Wait till the child's ready. My 3 children are 10, 8 and 4 and all became dry at different ages (and dry at night at different ages). I've NEVER stayed at home to potty train them.

OP - in answer to your question 'why won't she replicate this success at home' - because it's a fun game making Mummy all stressed about it. Chill out, so she's not dry at home, big deal. Another few months and she probably will be.

happywheezer Fri 22-Jul-11 21:55:17

I have a newborn and trying to potty train. DS has just turned 3 and was waiting for the summer and not to be pregnant anymore.
My rented house smells of wee .I feel we are not getting anywhere.

RhinestoneCowgirl Fri 22-Jul-11 21:58:42

DD started potty training in April, think we are finally there (touching wood cautiously). She is now 2.7yrs and I only started with it as she was refusing to wear a nappy, and was holding wee for hours and hours at a time.

It got really bad about 6 weeks ago when we went to stay at my mums and she just kept pissing on the floor (after insisting that she didn't need to go). Went against all my parenting instincts and bought a pack of chocolate buttons to bribe her back on to the potty. We've now phased the 'treats' out (sometimes she has a sticker instead, when she remembers) and she asks to go to the loo. No accidents this week - yay!

Makes me realise how easy her older brother was, similar ages but completely different experience!

joric Fri 22-Jul-11 22:00:57

Happywheezer! I love your first sentence I have a newborn and trying to potty train!!!

hubbard86 Fri 22-Jul-11 22:03:27

you have my support. Have been potty training my 2.8 ds fun not. We're fine out and about but having trouble with poo's in the potty/loo. We went totally cold turkey only having pull ups on at night. She'll get it eventually just don't give up

Cattleprod Fri 22-Jul-11 22:17:22

It's the absolute worst part of parenting so far. I hate it and I'm very tempted to just keep him in nappies until he's 8 and can pick it up straight away!

It's the constant saying he needs to wee, then you go through all the kerfuffle of taking him to the toilet (several times) only for him to sit there for 5 seconds, say 'finished', then 2 minutes later, wet himself.

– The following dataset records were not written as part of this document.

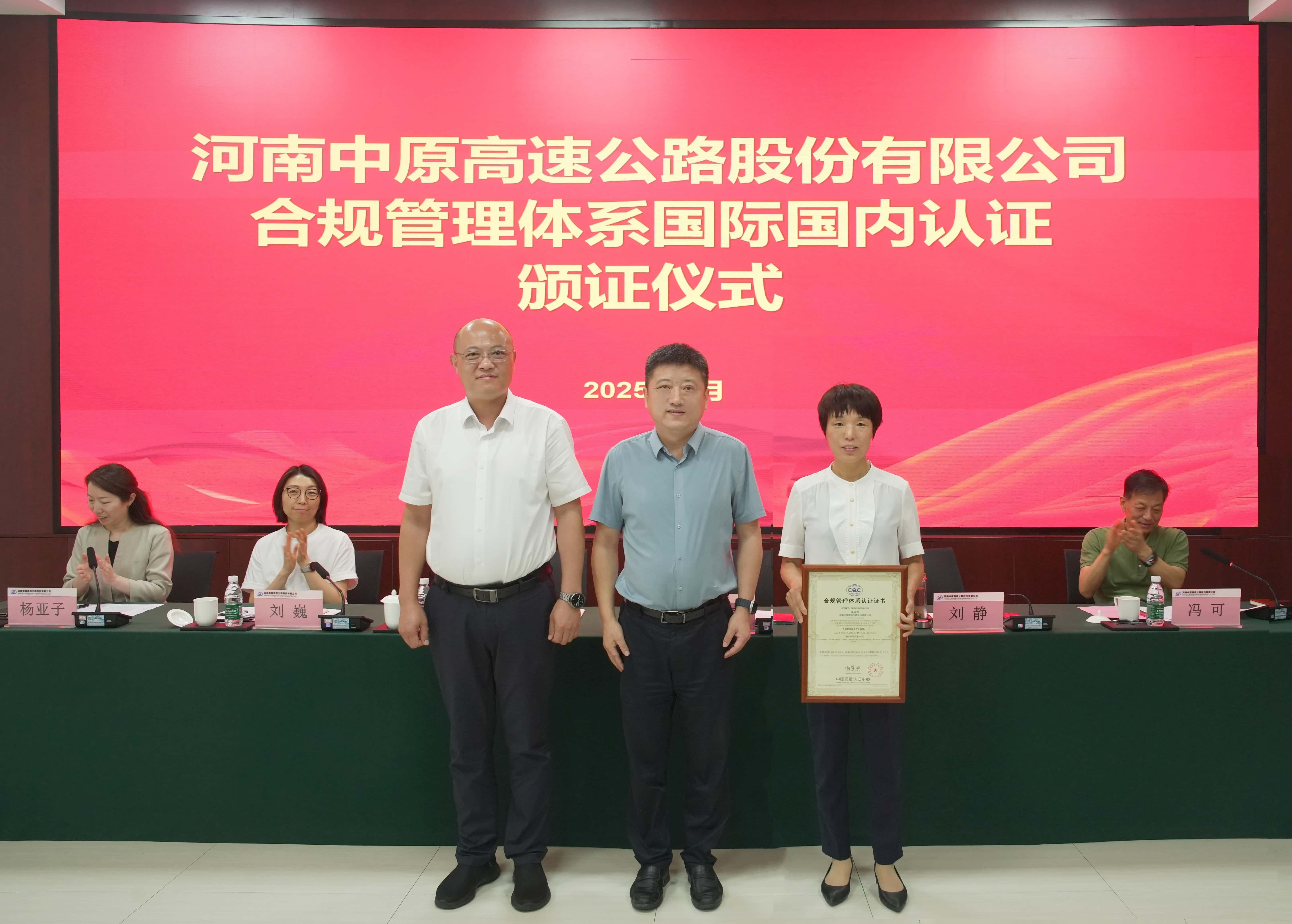 集團黨委委員、副總經(jīng)理袁凍雷參加中原高速合規(guī)“雙認證”頒證儀式并專題聽取科創(chuàng)工作匯報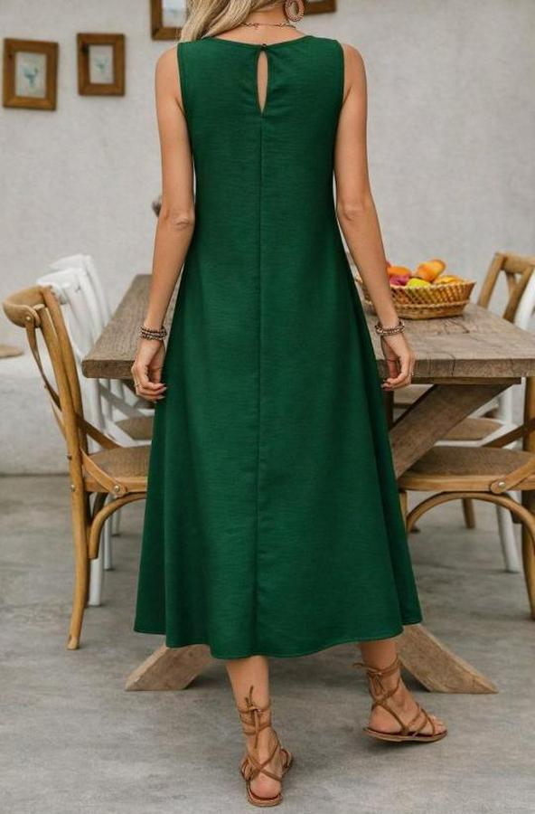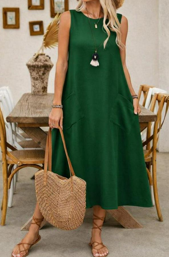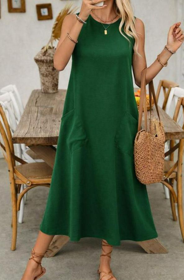 AnasayfaTüm ÜrünlerElbiseAskılı Yuvarlak Yakalı Kıloş Cepli Uzun Elbise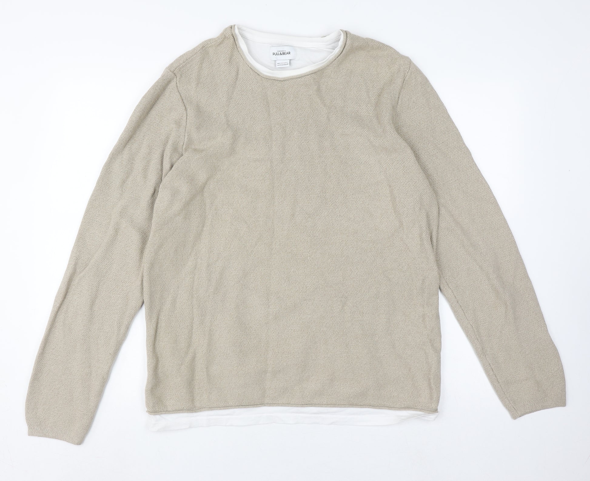 Upgrade your wardrobe with this stylish Pull&Bear Men's Beige Knit Pullover. Expertly crafted from 100% cotton, this pullover offers a tight-knit construction that ensures both warmth and style. The classic crew neck design makes it versatile for various occasions, whether you're heading to work or enjoying a casual day out. With its long sleeves and beige colour, this jumper effortlessly complements any outfit. Its regular fit provides a comfortable wear for all-day use. Though pre-loved, it's in excellent condition showing only slight signs of wear, ensuring longevity and continued style. Perfect for those looking to add a reliable and fashionable piece to their winter collection. Ideal for layering over shirts or under jackets, this pullover is sure to become a wardrobe staple.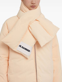 padded down scarf Highlights - Peach orange - Goose down - Padded design - Water-repellent - Logo tag Made in Italy Composition Polyester 100% SIZE & FIT Measurement LENGTH 43.3 in(110 cm) WIDTH 7.87 in(20 cm)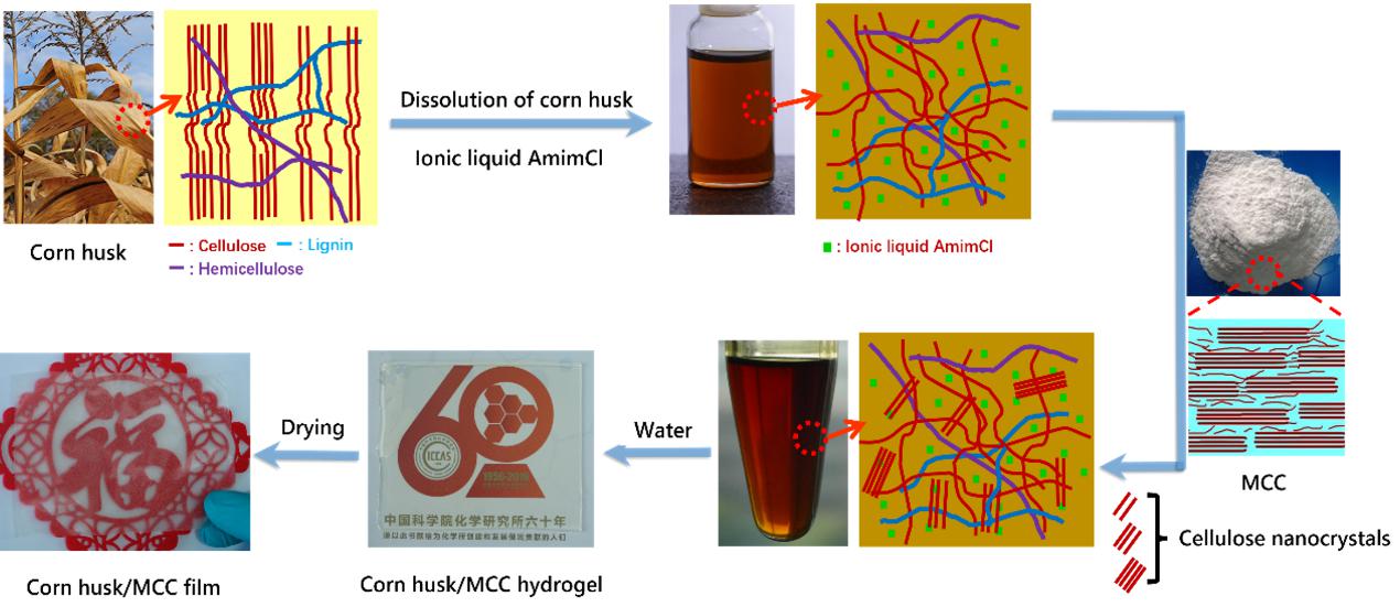 我們做出的兩類離子液體溶劑,可以在一個很溫和的條件下(一般不超過100℃)將纖維素溶解。過去一二十年有很多人做纖維素的離子液體體系,目前公認(rèn)最好的三種離子液體中有兩種是我們發(fā)明的,其中AmimCl可以溶解木材,被稱為溶解能力最強(qiáng)的溶劑。后來我們提出了它的溶解機(jī)理,我們認(rèn)為離子液體陰陽離子結(jié)構(gòu)和纖維素羥基的分別作用把里面原來氫鍵打開,像剪漁網(wǎng)似的,使它變成線性的分子才能溶解。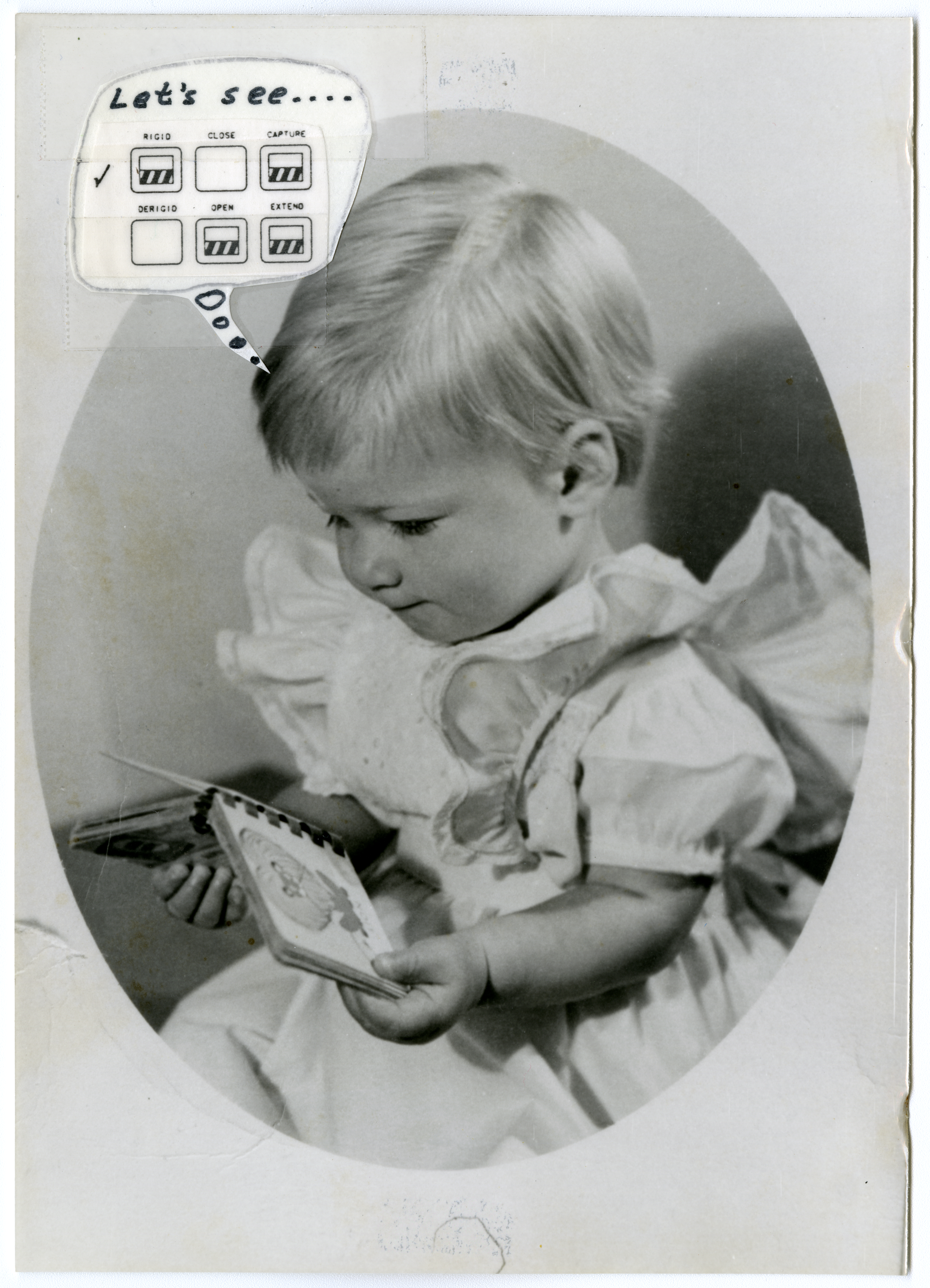 An image of a very young Sally K. Ride looking at a book, circa 1954. A "thought bubble" caption has been adhered to the photo as though Ride is reading a technical manual. This image was found attached to the inside cover of one of Ride's STS-7 manuals.

The playing with himself while on the toilet making it impossible for him to actually go (so I'm told), the having to know where the nearest public toilet is. The style of underwear that seems to be the norm for little boys (briefs) that makes me feel a bit nauseous. The fact that you don't just have to change wet pants, but also wet trousers, socks, shoes, t-shirt, so you can't leave the house without a huge bag of clothes. And don't get me started on poos!

DMCWelshCakes Sat 23-Jul-11 10:57:23

So apparently I'm not alone in my hatred of the process then. smile

I wouldn't have started with it now at all (life's hard enough with a newborn as it is) but DiddyDragon had other ideas.

Dancergirl There is much in what you say, which is why I've been keeping very calm with her & ranting on MN. She's definitely attention seeking & pushing boundaries now her baby brother has arrived.

Cattleprod 8 you say? I was thinking more along the lines of high school... grin

happywheezer Sun 24-Jul-11 23:02:51

My son is very advanced for a newborn!
Actually I think it would be easier to potty train him rather than the 3 year old. NB hates being dirty.
It looks like I was holding NB when writing the thread too.